I’ve been building out new infrastructure for this joint, and for the home server. FreeBSD 12 has been out for a while, and I wanted to upgrade at a reasonable pace, rather than waiting for the 11 branch to go out of support. Additionally, unlike the transition from 10 to 11, I’m not upgrading these systems, but building out fresh, and doing clean configurations of the services I really need (and leaving every prior experiment behind).

Additionally, for home backups, I’m migrating to using the Free edition of the Veeam Agent for Windows. I’m a big fan of Veeam, and there are features in the free agent that are perfect for my needs.

First, the backups can be encrypted. Do that. Keep the credentials in a password manager software, use a good passphrase, and secure your backups. Why? Because you plug in the disk, run the backup, unplug it and take it offsite (like to work, or keep it in the glove box of your car). Because the backup might be in a less-than-secure environment, encrypt that backup.

Secondly, by default Veeam runs backups based upon changed blocks in the volume, rather than changed files. So if you edit a few bytes of a huge document, you may only have to back up a few tens of kilobytes instead of the whole file.

Finally (for me, there are lots of features), while Veeam defaults to configuring a job with a calendar schedule, that doesn’t make much sense when you’re backing up to media (say, a 1TB USB3 mobile disk) that only gets plugged in when you remember to bring it home. The answer is to change the job schedule to simply run automatically when the media is plugged in, then eject the media when the backup is done. That’s about the best you’ll be able to do. Why is this important? If you click on a malicious link in an email, and your AV solution lets you down, some jerk’s ransomware will encrypt or wipe every file on your system. Your backup won’t help you IF it’s also attached to the system, encrypted or not. Only attach your backup disks for as long as you need to run the backup.

One last point – every once in a while, plug up the backup disk, and restore a file or two and check them. Backups are wonderful, but you don’t know if they’re good unless you test them, regularly. You don’t want an emergency restore to be the time you find out that the backup wasn’t really working because you misconfigured the job, or the disk has errors, or whatever.

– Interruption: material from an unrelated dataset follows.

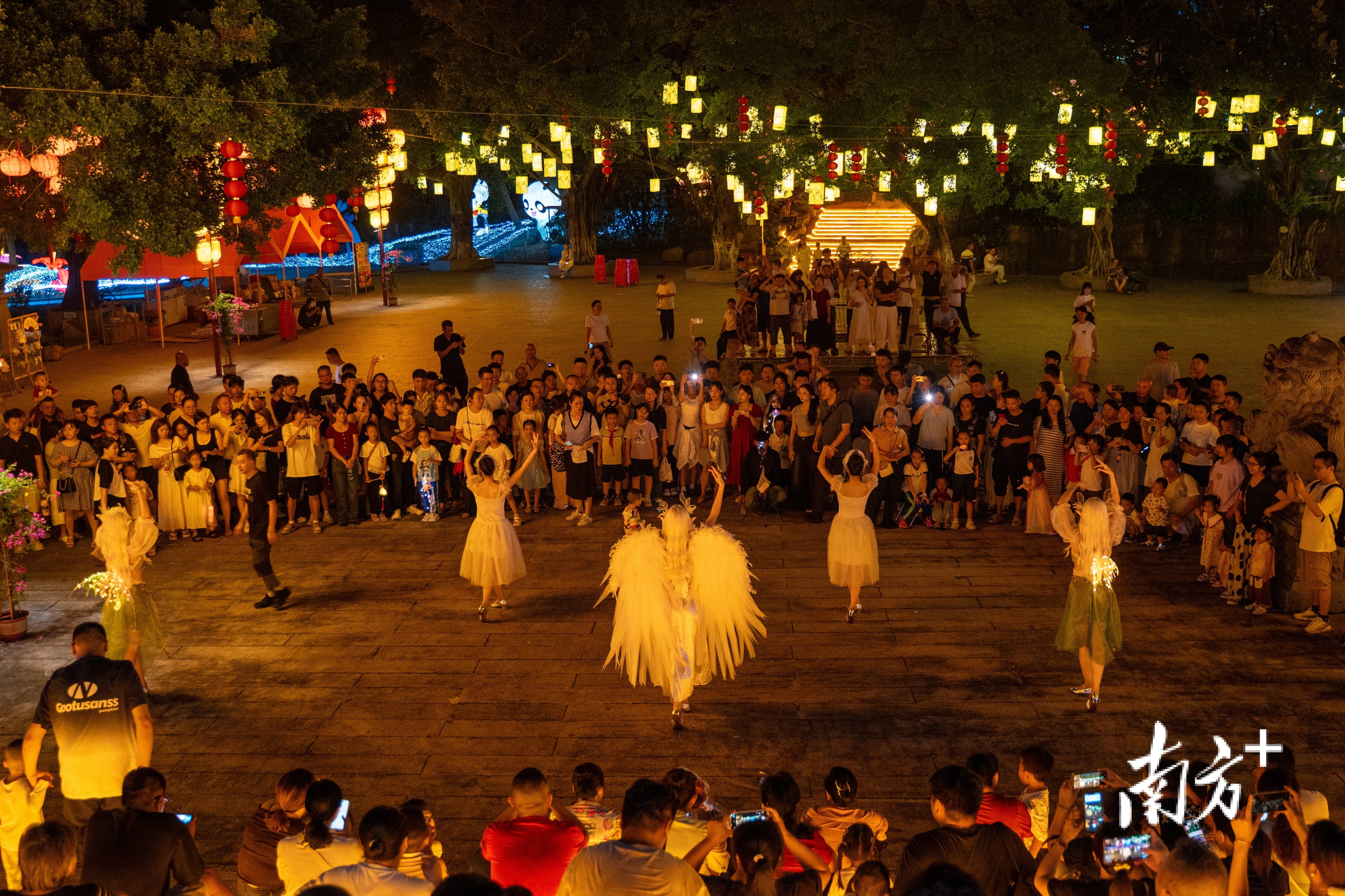 夜幕降临,一盏盏造型各异的精巧花灯把三水森林公园孔圣园装点一新,游客穿行其间宛如进入奇幻森林。国庆期间,三水森林公园首次推出“千灯之夜”夜游项目,举行了花船表演、篝火晚会、流星雨瀑布、非遗火壶秀和打铁花等活动,城区生态绿芯焕新为灯光璀璨的“不夜城”,为游客奉上别开生面的视觉盛宴。

Bottom line: Make backups. Encrypt the backups. Test the backups. Only leave them connected for as long as needed for backups and testing. Store your backups offsite – a disaster that takes your house shouldn’t take your precious data, too!

Winding Down

It’s been a slightly busy weekend – we celebrated Marcia’s birthday on Friday, so I took off work that day. We hung out, did stuff together, and went out to supper in the evening. Saturday was a total write-off. I relaxed. Today was shopping and remote work and haircut and coffee roasting, oh my! Tomorrow’s a holiday, so it’s a four day weekend, but I have an office that needs cleaning, yet.

DoD announced no new casualties in the last two weeks.